TASK ITEM.
Beginning with the line below that contains "シフォン×チュールのふわふわ" and ending with the line that contains "バッテリカバーを外すと、右下", retype every line exactly. Pictures are not copied.
---------- MATERIAL FOR THIS TASK
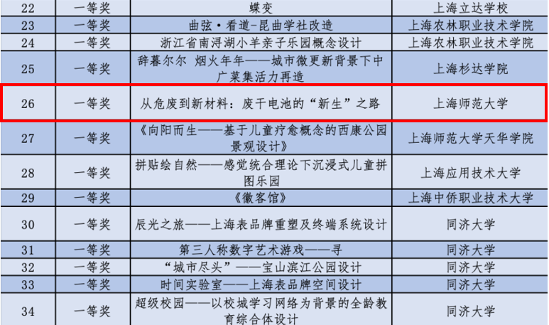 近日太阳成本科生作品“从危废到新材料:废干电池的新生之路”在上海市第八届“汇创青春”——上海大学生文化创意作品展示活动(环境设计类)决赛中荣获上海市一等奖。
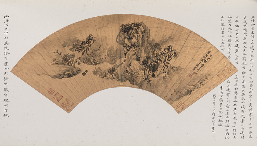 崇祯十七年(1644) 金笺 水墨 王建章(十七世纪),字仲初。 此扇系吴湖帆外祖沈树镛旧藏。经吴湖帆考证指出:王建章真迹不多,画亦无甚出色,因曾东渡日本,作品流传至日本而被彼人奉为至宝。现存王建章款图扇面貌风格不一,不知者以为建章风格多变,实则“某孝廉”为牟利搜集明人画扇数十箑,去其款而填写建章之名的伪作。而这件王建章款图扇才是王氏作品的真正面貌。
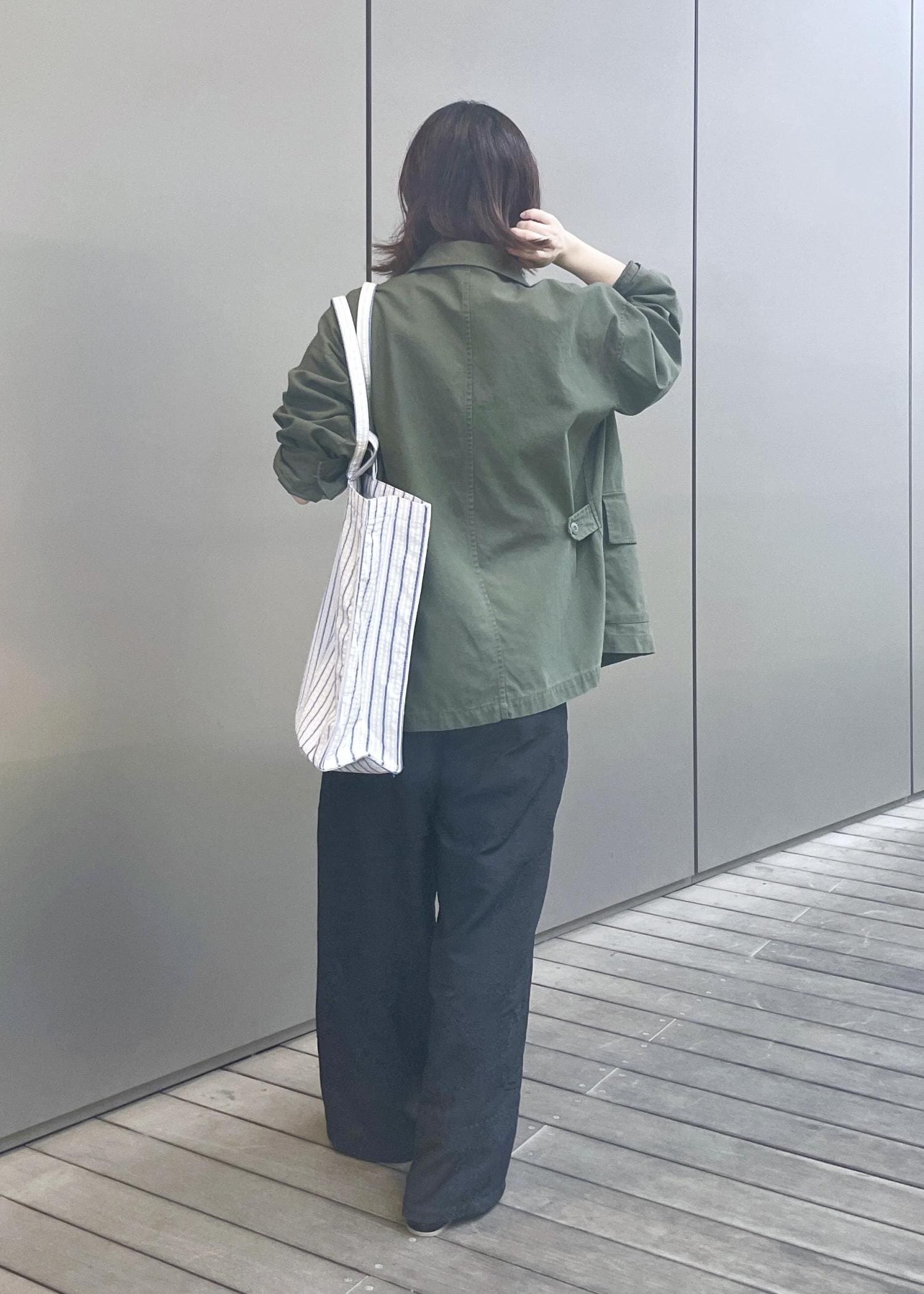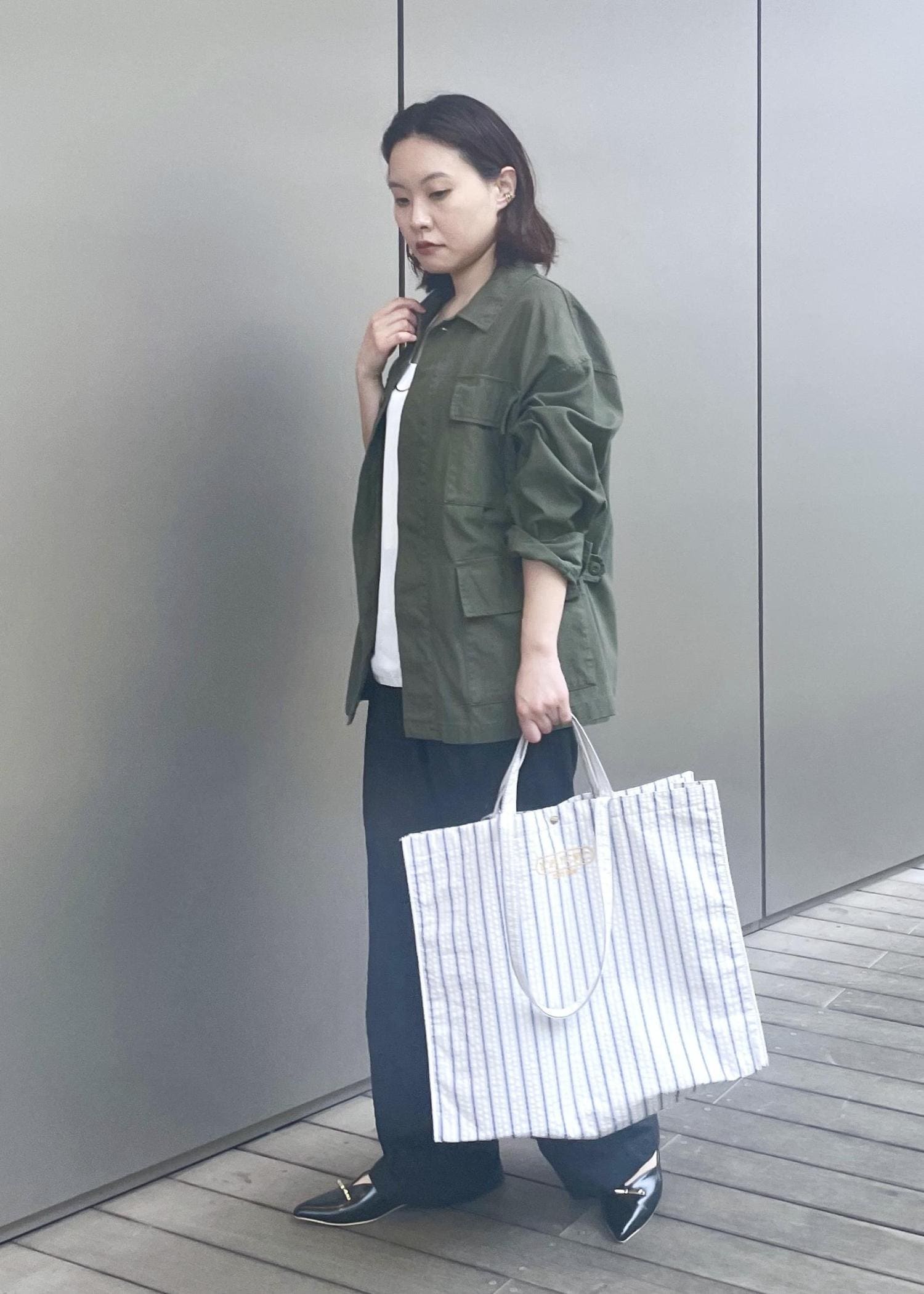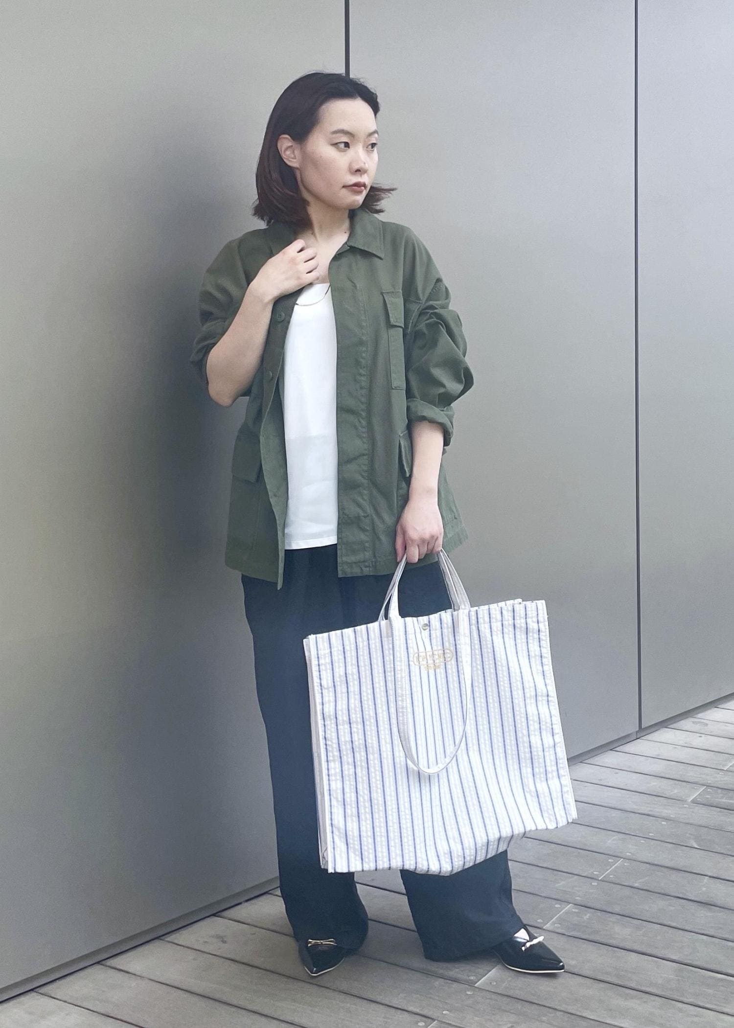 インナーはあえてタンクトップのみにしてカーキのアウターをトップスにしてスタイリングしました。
--------------------
---------- MATERIAL FOR THIS TASK
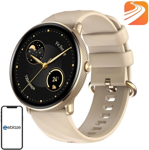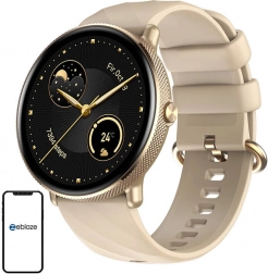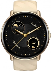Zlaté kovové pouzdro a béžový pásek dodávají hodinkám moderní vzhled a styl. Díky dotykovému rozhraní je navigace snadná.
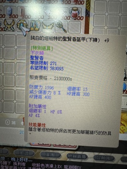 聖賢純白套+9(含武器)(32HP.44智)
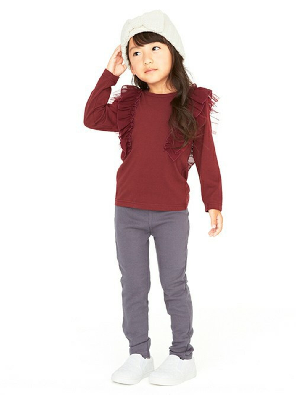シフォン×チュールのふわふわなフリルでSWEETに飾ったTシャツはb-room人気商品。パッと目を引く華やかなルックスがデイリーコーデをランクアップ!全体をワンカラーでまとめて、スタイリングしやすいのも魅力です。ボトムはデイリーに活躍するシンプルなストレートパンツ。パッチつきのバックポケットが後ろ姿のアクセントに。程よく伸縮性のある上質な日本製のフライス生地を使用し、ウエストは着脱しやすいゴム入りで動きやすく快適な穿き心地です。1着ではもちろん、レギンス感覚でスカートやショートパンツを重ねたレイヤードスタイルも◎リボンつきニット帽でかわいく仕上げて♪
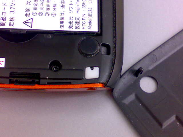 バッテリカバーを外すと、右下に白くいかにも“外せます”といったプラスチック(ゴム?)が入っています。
--------------------
---------- MATERIAL FOR THIS TASK
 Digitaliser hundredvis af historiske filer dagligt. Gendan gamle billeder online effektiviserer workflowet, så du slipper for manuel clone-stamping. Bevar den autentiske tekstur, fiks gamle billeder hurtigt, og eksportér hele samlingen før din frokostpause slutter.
--------------------
OUTPUT FOR THIS EXERCISE.
シフォン×チュールのふわふわなフリルでSWEETに飾ったTシャツはb-room人気商品。パッと目を引く華やかなルックスがデイリーコーデをランクアップ!全体をワンカラーでまとめて、スタイリングしやすいのも魅力です。ボトムはデイリーに活躍するシンプルなストレートパンツ。パッチつきのバックポケットが後ろ姿のアクセントに。程よく伸縮性のある上質な日本製のフライス生地を使用し、ウエストは着脱しやすいゴム入りで動きやすく快適な穿き心地です。1着ではもちろん、レギンス感覚でスカートやショートパンツを重ねたレイヤードスタイルも◎リボンつきニット帽でかわいく仕上げて♪
 バッテリカバーを外すと、右下に白くいかにも“外せます”といったプラスチック(ゴム?)が入っています。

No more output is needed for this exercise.